> _PROBLEM REQUIREMENTS_:
Your reply should reproduce all the data below exactly while excluding the pictures.

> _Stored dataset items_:
————

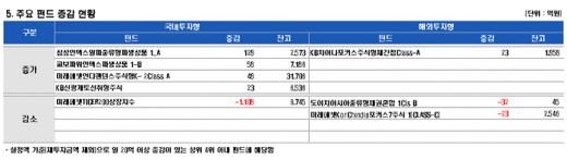 개별펀드로는 '미래에셋KorChindia포커스7주식 1(CLASS-C)'에서 23억원의 자금이 빠져나갔다.
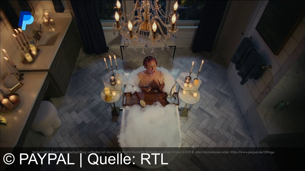 Eine Person sitzt entspannt in einer Badewanne mit Schaum, umgeben von Kerzen. Sie trägt eine rosa Badekappe und hält ein Smartphone. Über der Badewanne hängt ein Kronleuchter. Auf einem Holzbretthalter liegen ein Duschkopf und Pflegeprodukte. Im Hintergrund stehen Handtücher an der Wand. Das Logo von PayPal ist oben links.
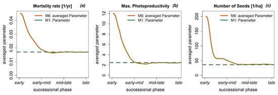 The parameter values for the processes mortality, photosynthesis and recruitment of M1 were compared with a dynamically averaged parameter of M6. Dynamically averaged parameters of M6 are calculated for each time step by averaging the six different parameter values for each PFT, weighted by the current simulated biomass fraction for each PFT. In the early successional phase, the forest is dominated by pioneer species, so the averaged parameter value for M6 is comparable to the parameter values of pioneer species. Therefore, it is evident that the averaged parameter of M6 differs significantly from M1 (Figure 5), especially before the early-successional phase (<100 years). Mean mortality rate of M6 is twice as high in this phase, maximum photoproductivity almost four times as high and number of seeds five times higher compared to M1 (Figure 5). From the mid-successional phase onwards (>100 years), the dynamically averaged parameters of M6 are similar to the values of M1. In this phase, the forest is dominated by climax species, which is comparable to the parameter values of the climax species, which resulted in a very similar parameter value of M1 and averaged parameter of M6.
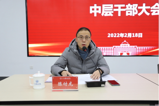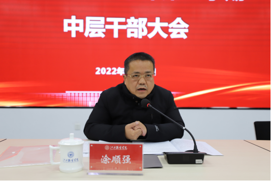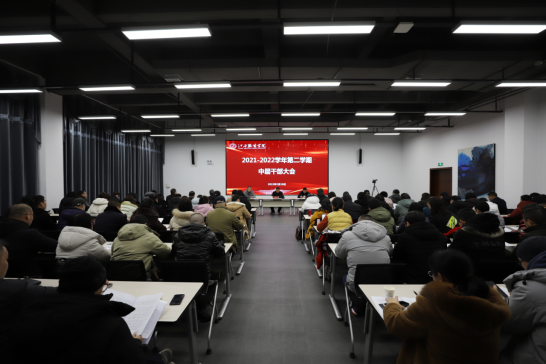 【新闻中心讯】2月18日,我校2021-2022学年第二学期中层干部大会在图书馆三楼学术报告厅隆重举行。理事长涂顺强、校长薛家宝、副理事长涂燕萍及校领导班子出席会议,全校中层干部参加了会议。会议由党委书记陈付龙主持。
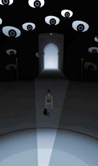 1-第三章开始后主角出现在一个平台上,远处就是白色的影子,起身后追着影子朝前跑。跑到前方的时候,平台中间会突然断开,墙壁上出现眼睛,平台开始转动方向。
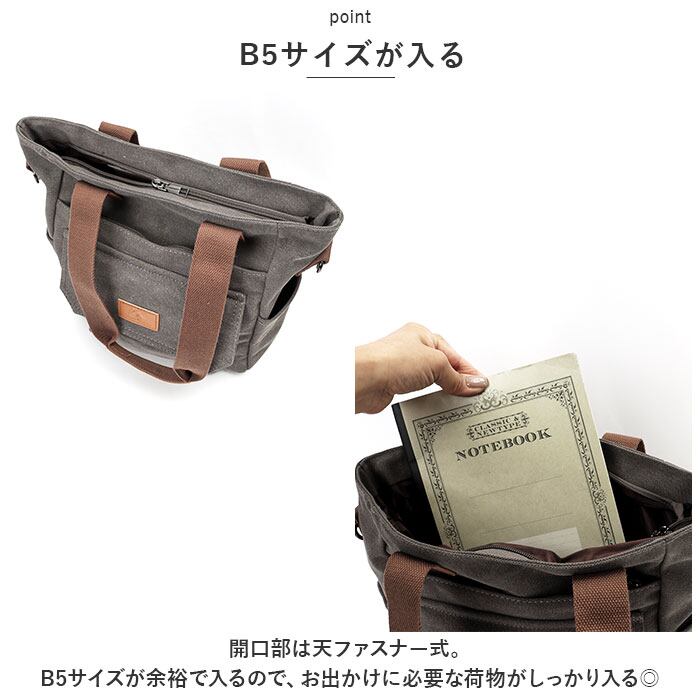 ・開口部は天ファスナー式。B5サイズが余裕で入るので、お出かけに必要な荷物がしっかり入る◎
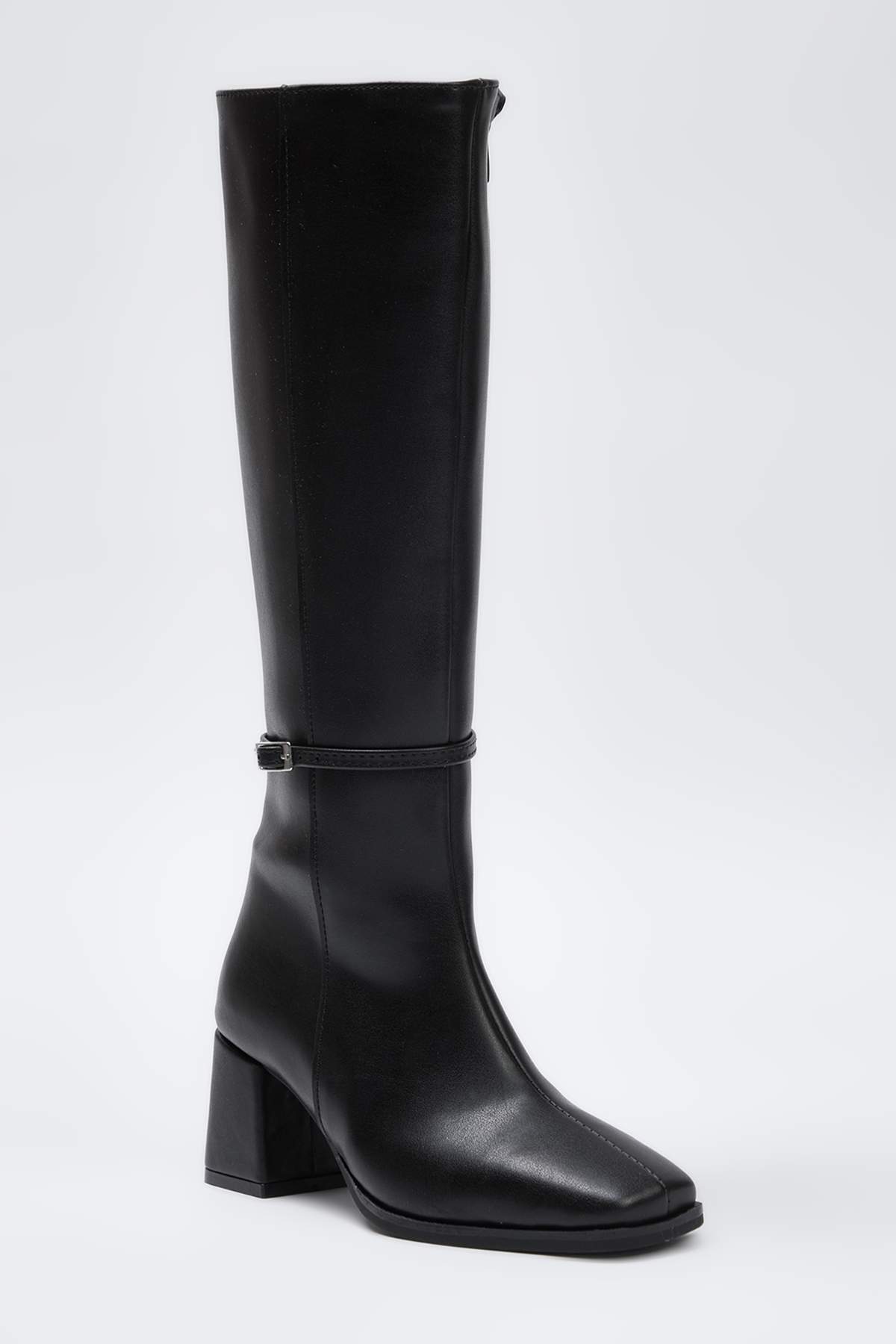 Trendyol Shoes Czarne buty damskie z kwadratowym noskiem i czarnym paskiem, obcas blokowy 6,5 cm TAKAW26CZ00007
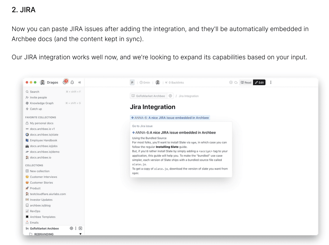 And if you need to find something specific in Archbee’s release notes, like information about the Jira integration, you can use the search bar located above the color labels.
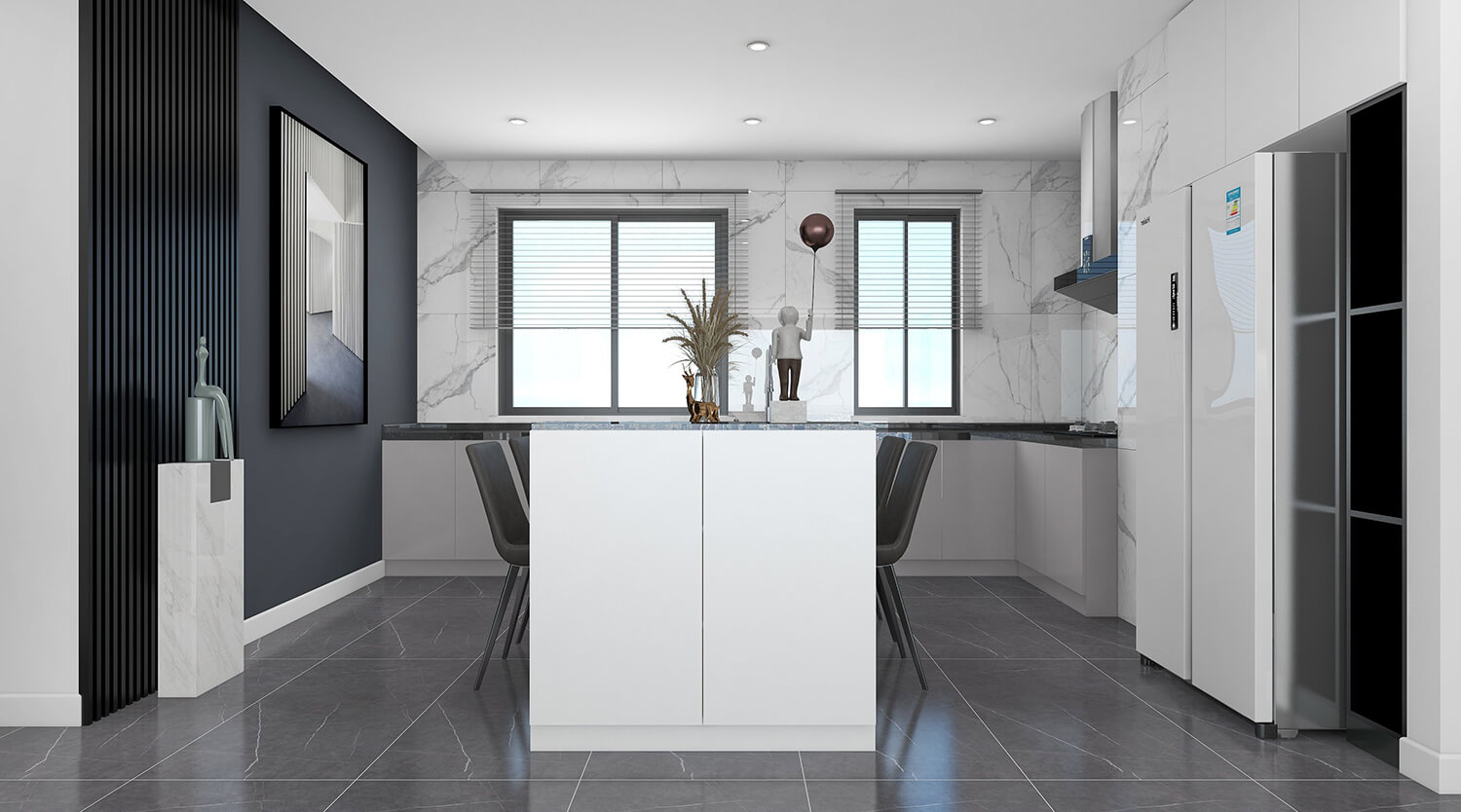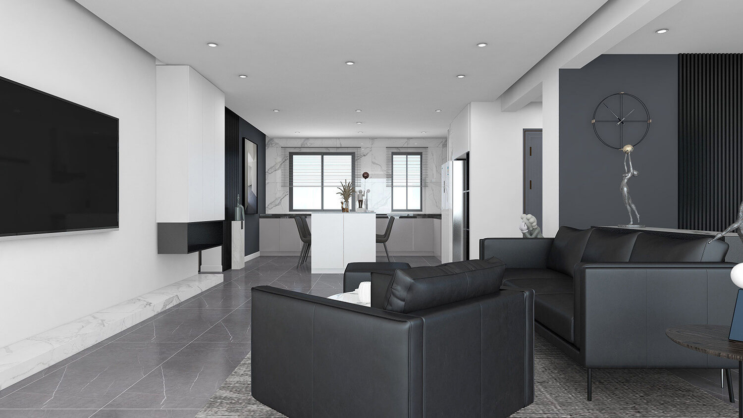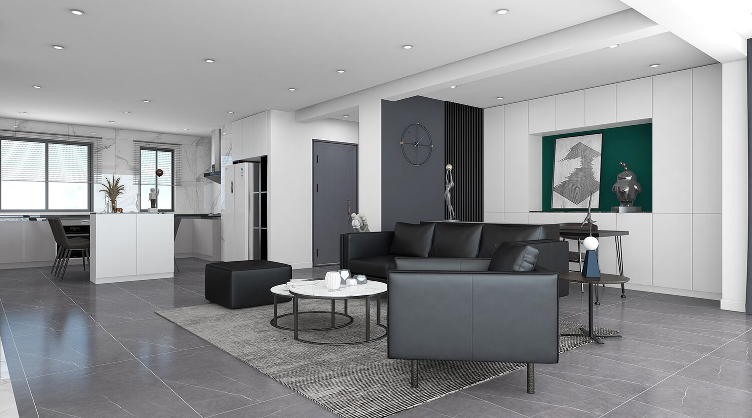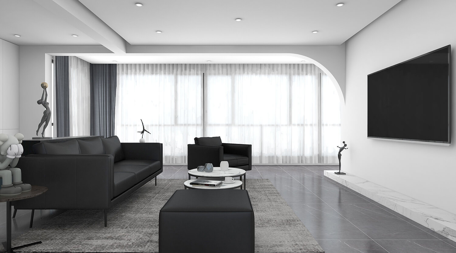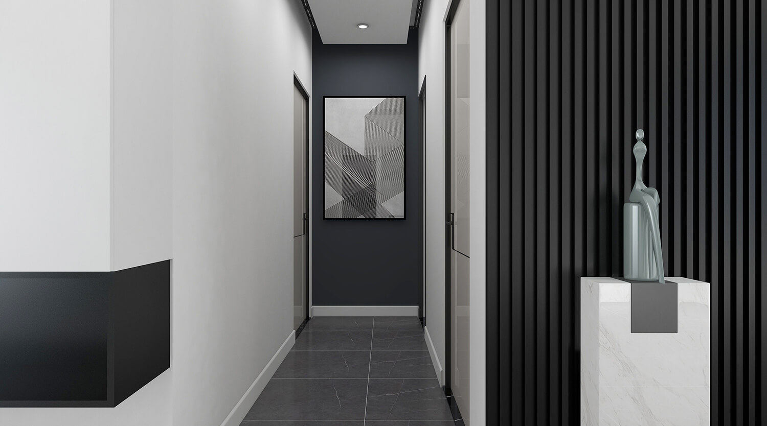 本案總面積為120㎡。設計師秉承簡潔、舒適的設計理念,整體以黑白灰為主,沒有多余的裝飾,線條簡單,室內空間大方。簡約風格的設計不是缺乏設計要素,而是一種更高層次的設計境界。在滿足功能需求的前提下,將空間、人及物品進行合理精致的組合,用最洗練的筆畫,描繪出最簡潔素雅的空間效果。

————

> _SOLVED EXERCISE_:
 개별펀드로는 '미래에셋KorChindia포커스7주식 1(CLASS-C)'에서 23억원의 자금이 빠져나갔다.
 Eine Person sitzt entspannt in einer Badewanne mit Schaum, umgeben von Kerzen. Sie trägt eine rosa Badekappe und hält ein Smartphone. Über der Badewanne hängt ein Kronleuchter. Auf einem Holzbretthalter liegen ein Duschkopf und Pflegeprodukte. Im Hintergrund stehen Handtücher an der Wand. Das Logo von PayPal ist oben links.
 The parameter values for the processes mortality, photosynthesis and recruitment of M1 were compared with a dynamically averaged parameter of M6. Dynamically averaged parameters of M6 are calculated for each time step by averaging the six different parameter values for each PFT, weighted by the current simulated biomass fraction for each PFT. In the early successional phase, the forest is dominated by pioneer species, so the averaged parameter value for M6 is comparable to the parameter values of pioneer species. Therefore, it is evident that the averaged parameter of M6 differs significantly from M1 (Figure 5), especially before the early-successional phase (<100 years). Mean mortality rate of M6 is twice as high in this phase, maximum photoproductivity almost four times as high and number of seeds five times higher compared to M1 (Figure 5). From the mid-successional phase onwards (>100 years), the dynamically averaged parameters of M6 are similar to the values of M1. In this phase, the forest is dominated by climax species, which is comparable to the parameter values of the climax species, which resulted in a very similar parameter value of M1 and averaged parameter of M6.
 【新闻中心讯】2月18日,我校2021-2022学年第二学期中层干部大会在图书馆三楼学术报告厅隆重举行。理事长涂顺强、校长薛家宝、副理事长涂燕萍及校领导班子出席会议,全校中层干部参加了会议。会议由党委书记陈付龙主持。
 1-第三章开始后主角出现在一个平台上,远处就是白色的影子,起身后追着影子朝前跑。跑到前方的时候,平台中间会突然断开,墙壁上出现眼睛,平台开始转动方向。
 ・開口部は天ファスナー式。B5サイズが余裕で入るので、お出かけに必要な荷物がしっかり入る◎
 Trendyol Shoes Czarne buty damskie z kwadratowym noskiem i czarnym paskiem, obcas blokowy 6,5 cm TAKAW26CZ00007
 And if you need to find something specific in Archbee’s release notes, like information about the Jira integration, you can use the search bar located above the color labels.
 本案總面積為120㎡。設計師秉承簡潔、舒適的設計理念,整體以黑白灰為主,沒有多余的裝飾,線條簡單,室內空間大方。簡約風格的設計不是缺乏設計要素,而是一種更高層次的設計境界。在滿足功能需求的前提下,將空間、人及物品進行合理精致的組合,用最洗練的筆畫,描繪出最簡潔素雅的空間效果。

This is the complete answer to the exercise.